> REQUIREMENT: From the line with "西藏農投集團化肥倉庫現有庫存2萬多噸化肥,工人們正在忙碌搬運。西藏日報記者 姚海全 攝" to the line with "Sort V-hals A-linje 1950'er kjole med sløjfe", output every line below exactly, both ends included. Skip the pictures.

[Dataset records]

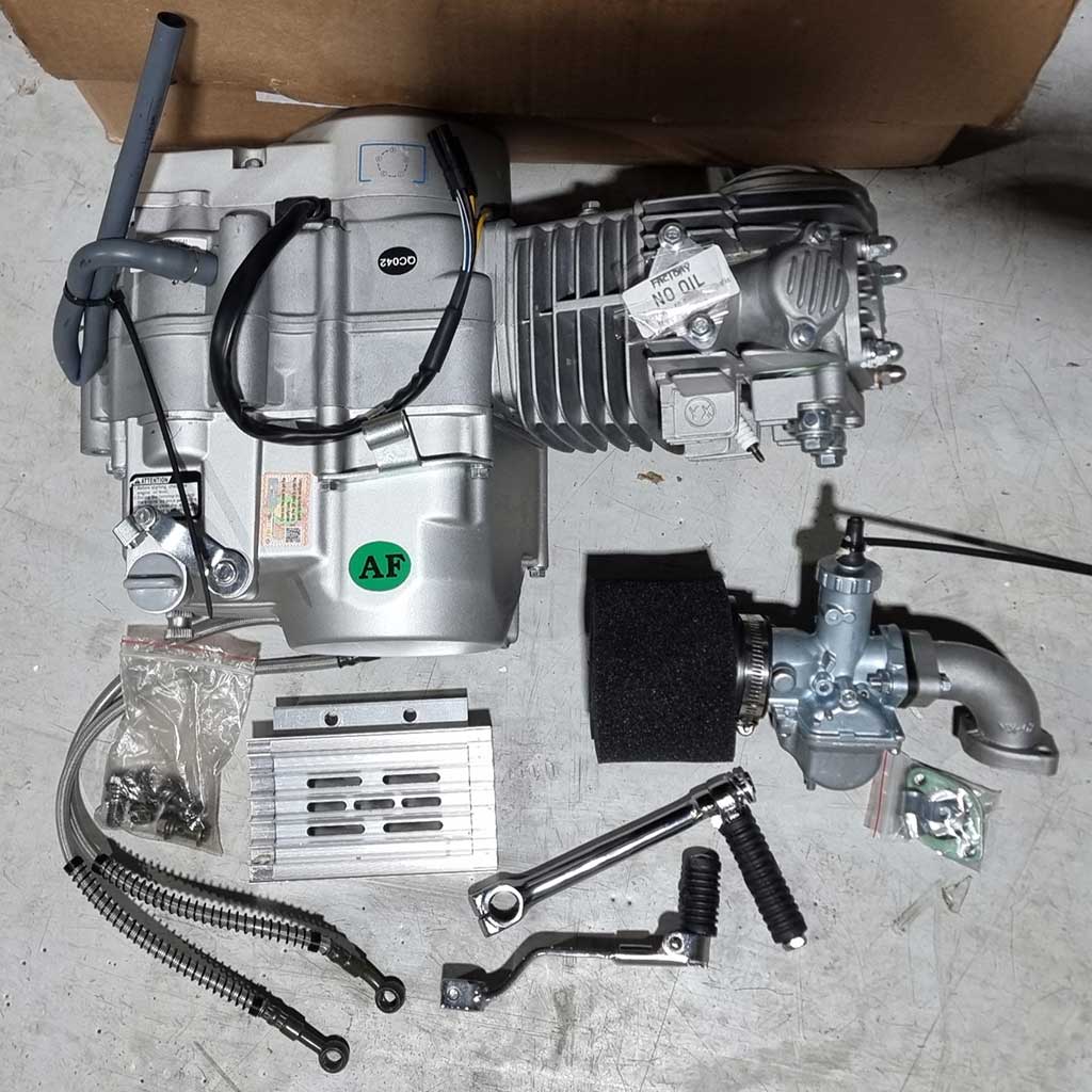 Included: All items in additional pictures, if not shown, it is not included: oil cooler set, kick start, gear lever, VM26 carb, air filter, intake manifold, carb spacer gasket set.
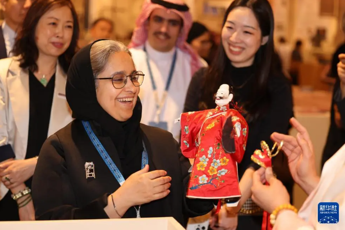 11月13日,在沙特首都利雅得,嘉宾在第三届沙特阿拉伯国际手工艺周中国馆欣赏木偶。新华社记者 王海洲 摄
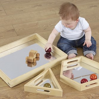 4 st/fp. En vacker samling av spegelformar i björkträ för att utforska reflektioner. Den speglande basen gör brickorna fängslande och de passar utmärkt för sortering. Brickorna är inte lämpliga att användas med sand eftersom det ger repor. Från 0 år.
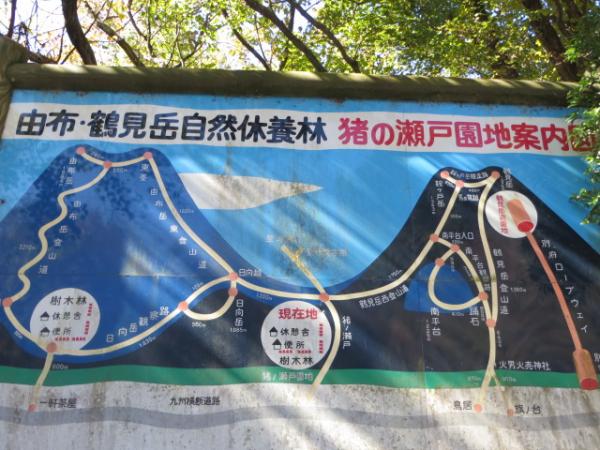 - 由布岳登山口(25分)合野越(50分)マタエ(15分)由布岳西峰(20分)由布岳東峰(80分)東登山口(60分)馬の背(15分)鶴見岳(45分)鞍ヶ戸(20分)船底(20分)内山(150分)大平山(扇山)(40分)大平山登山口(15分)向井病院前バス停 *歩行時間のみ
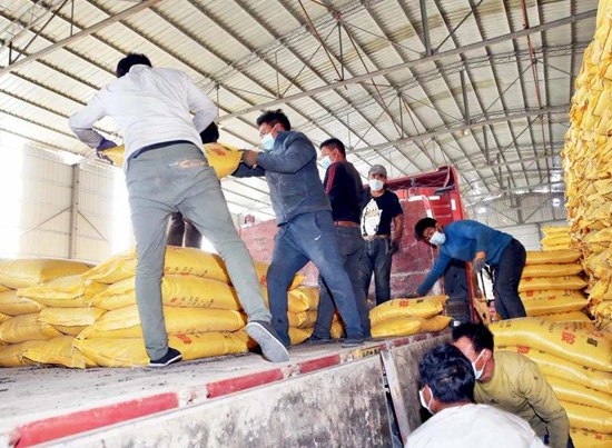 西藏農投集團化肥倉庫現有庫存2萬多噸化肥,工人們正在忙碌搬運。西藏日報記者 姚海全 攝
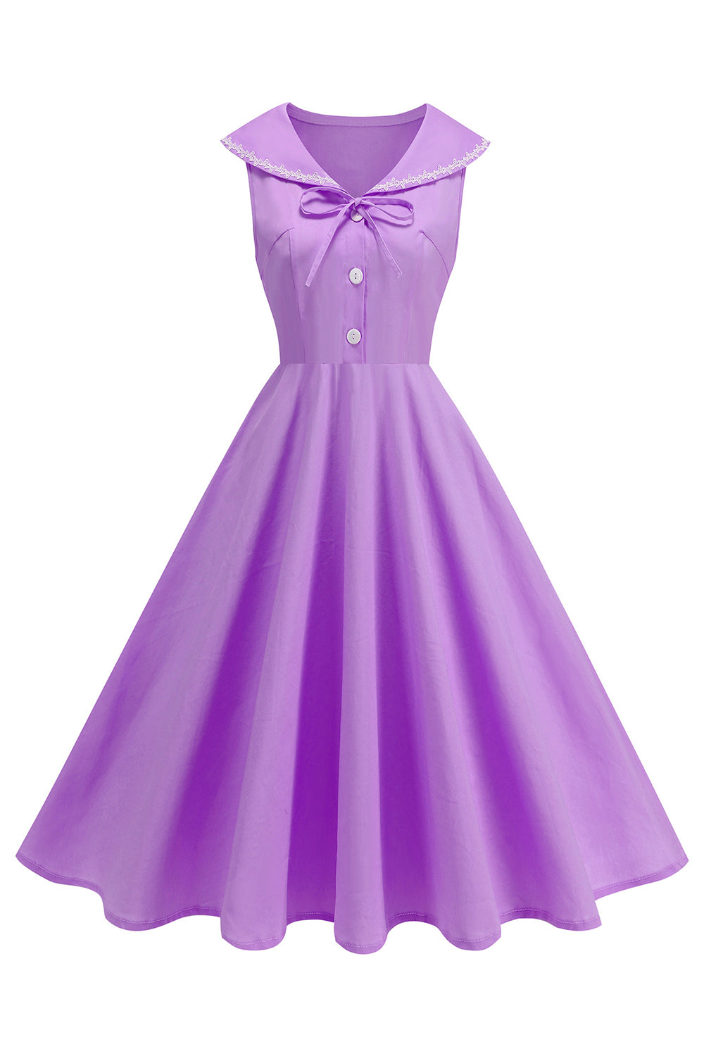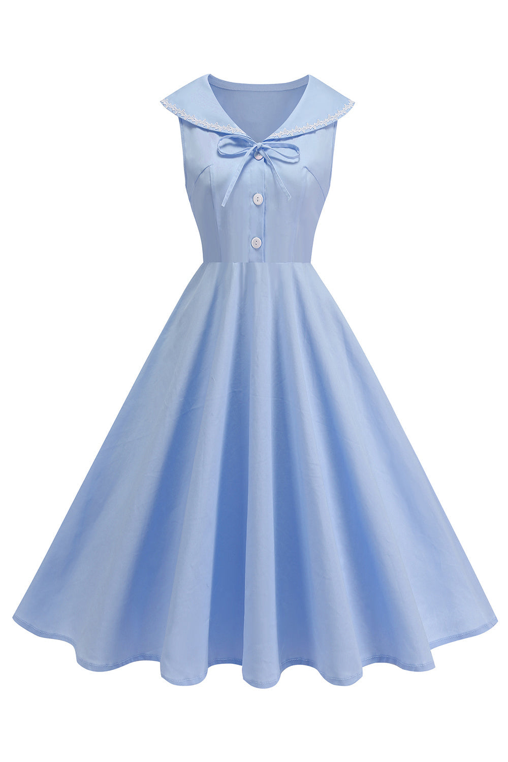 Sort V-hals A-linje 1950'er kjole med sløjfe
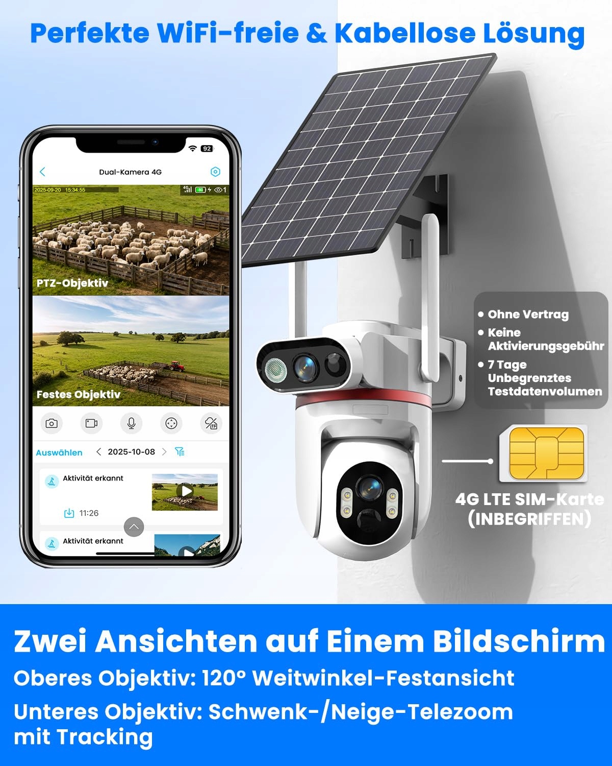 【Całkowite wykrywanie ruchu – automatyczne śledzenie i powiadomienia】Monitoruj swoją posesję w czasie rzeczywistym: ruch jest wykrywany, a Ty otrzymujesz natychmiastowe powiadomienia. System PTZ tej kamery 4G z kartą SIM automatycznie śledzi wykryte ruchy i zapewnia pełne pokrycie, dzięki czemu Twój teren jest zawsze bezpiecznie monitorowany.
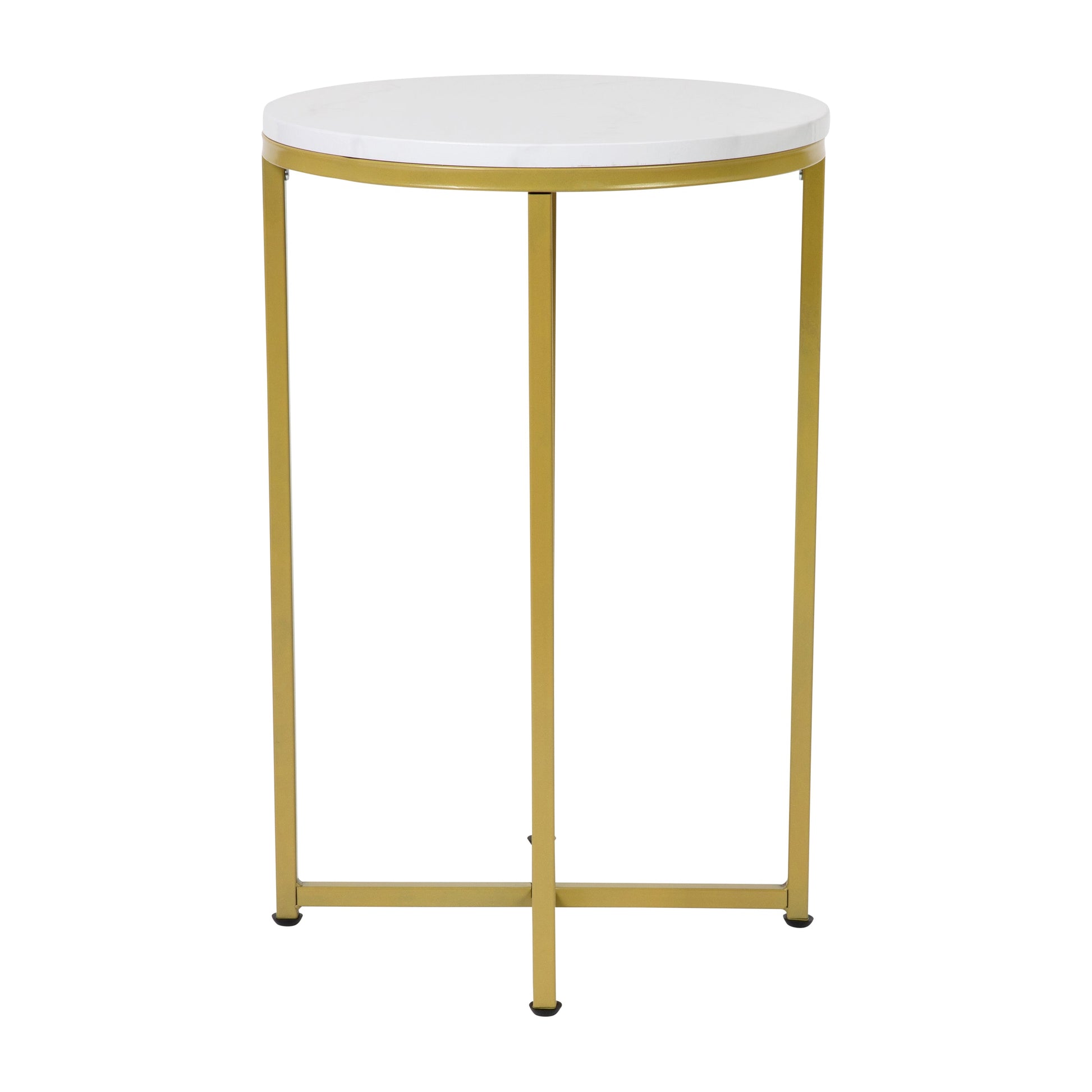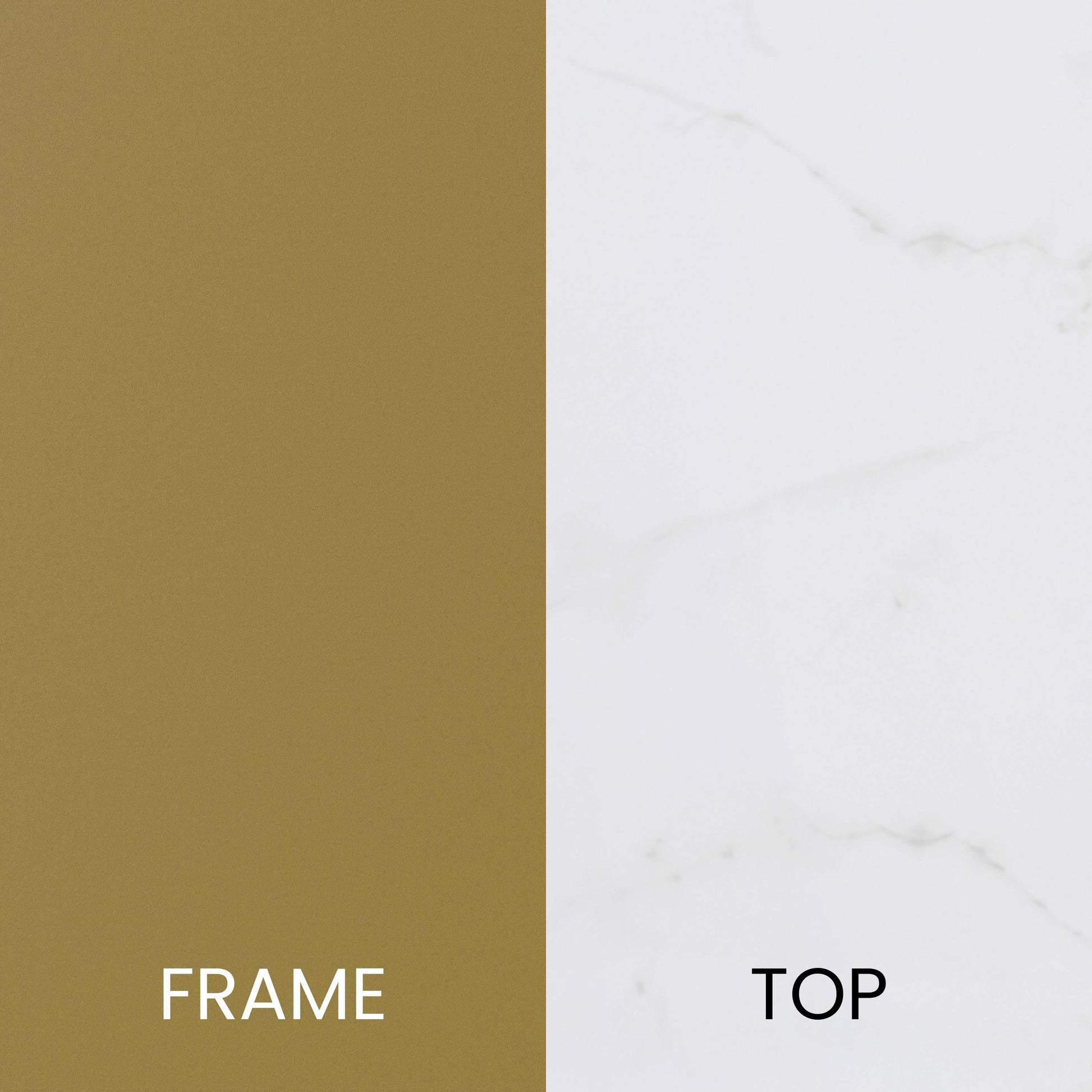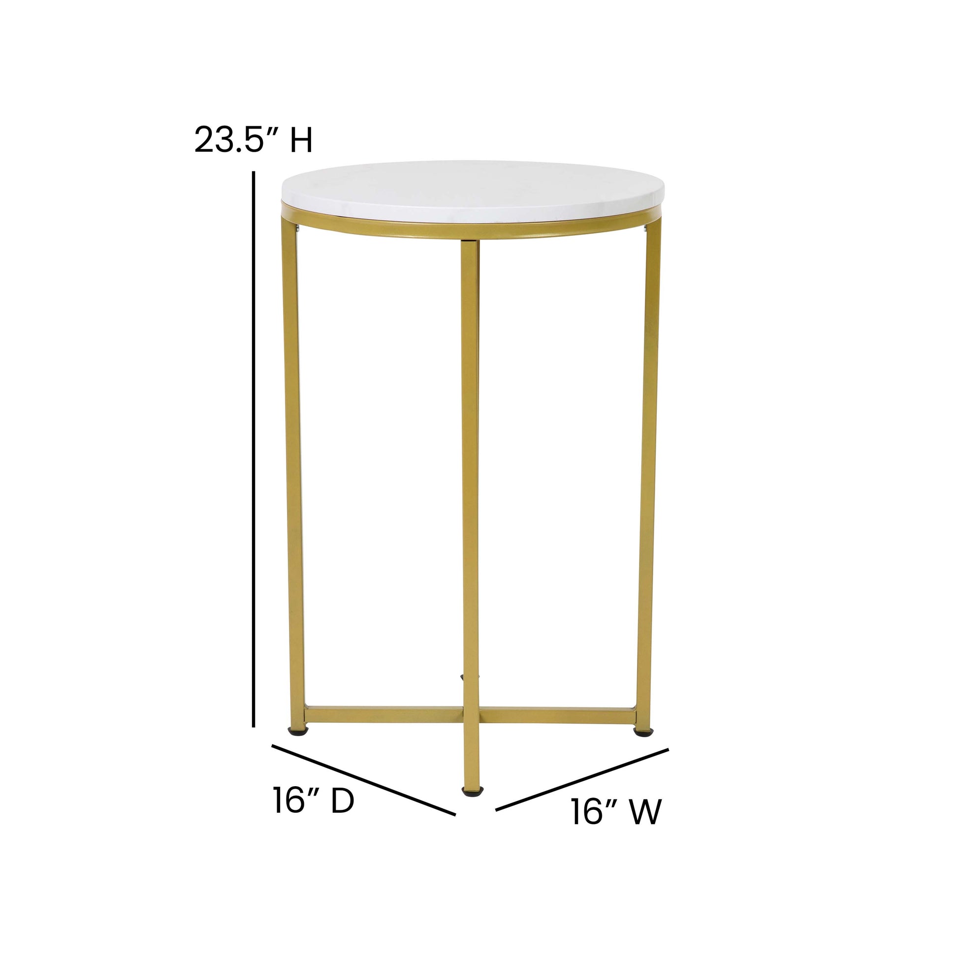 Hampstead Collection End Table - Modern White Marble Finish Accent Table with Crisscross Brushed Gold Frame Dimensions: 16"W x 16"D x 23.5"H
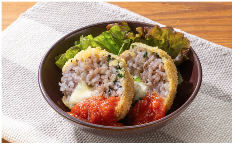 五穀ご飯とほうれん草、まろやかなチーズを包んだライスコロッケ。
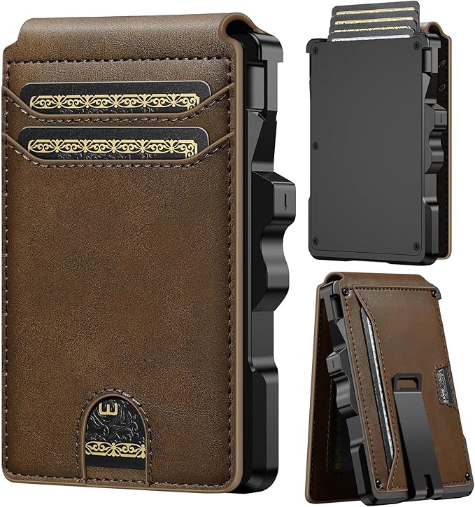 - Slim Yet High Capacity: Carry 12+ cards and cash without bulk; The aluminum chamber smart wallet stores 6-7 cards; The leather flap fits 4-6 more plus an ID window; Metal money clip holds 15+ bills, Stays slim in your pocket
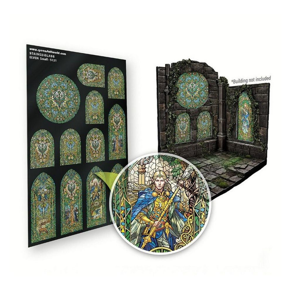Az ólomüvegen áthaladó színes fény mélységet és realisztikus érzetet kölcsönöz a jeleneteknek. A legjobb eredmény elérése érdekében a Green Stuff World miniatűr ablakaival való kombinálást javasoljuk. Az összeszereléshez PVA ragasztót vagy cianoakrilát ragasztót használjon.
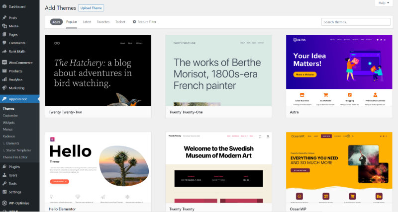 First you need the free version of the Kadence theme. To do this, go to Appearance > Themes in your WordPress dashboard and then click Add Theme in the upper left corner of the screen. In the search bar on the right, type Kadence.
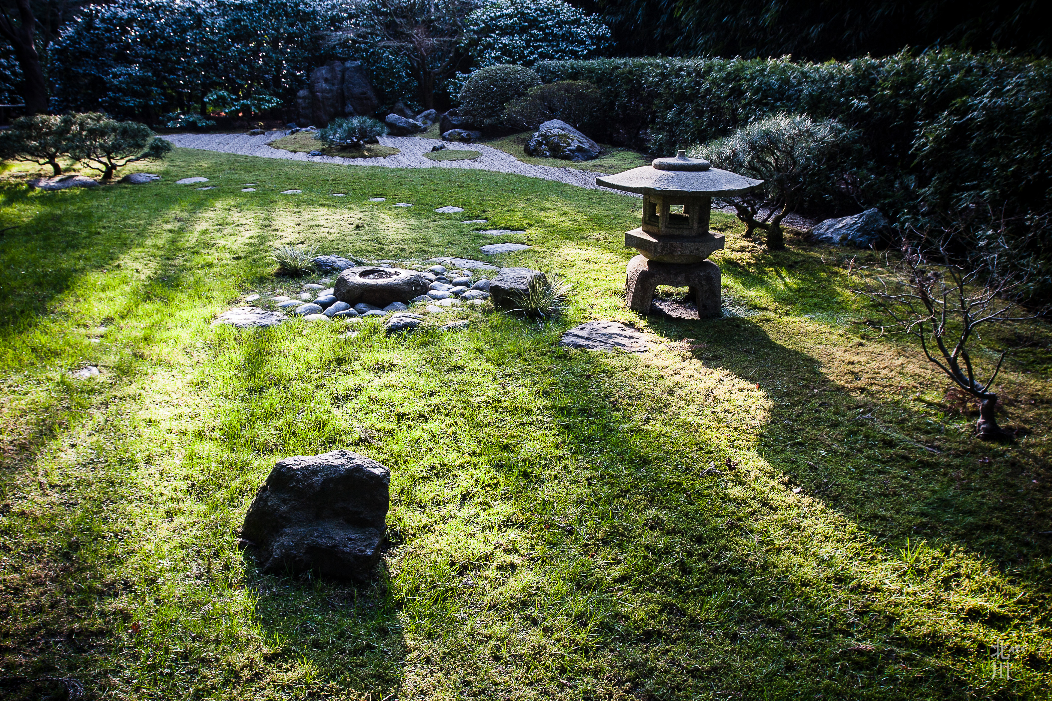 I walked over to the San Francisco Japanese Tea Garden looking for Spring blossoms. It’s late January on the West Coast but the unseasonal warm weather has trees showing color early. When I got there, the Tea Garden itself didn’t have much to offer in the way of colorful blooms and I was disappointed. I walked towards the back of the garden and the sun was peeking through the trees. It added another texture to the Zen Garden.

> RESPONSE TO THIS EXERCISE:
 西藏農投集團化肥倉庫現有庫存2萬多噸化肥,工人們正在忙碌搬運。西藏日報記者 姚海全 攝
 Sort V-hals A-linje 1950'er kjole med sløjfe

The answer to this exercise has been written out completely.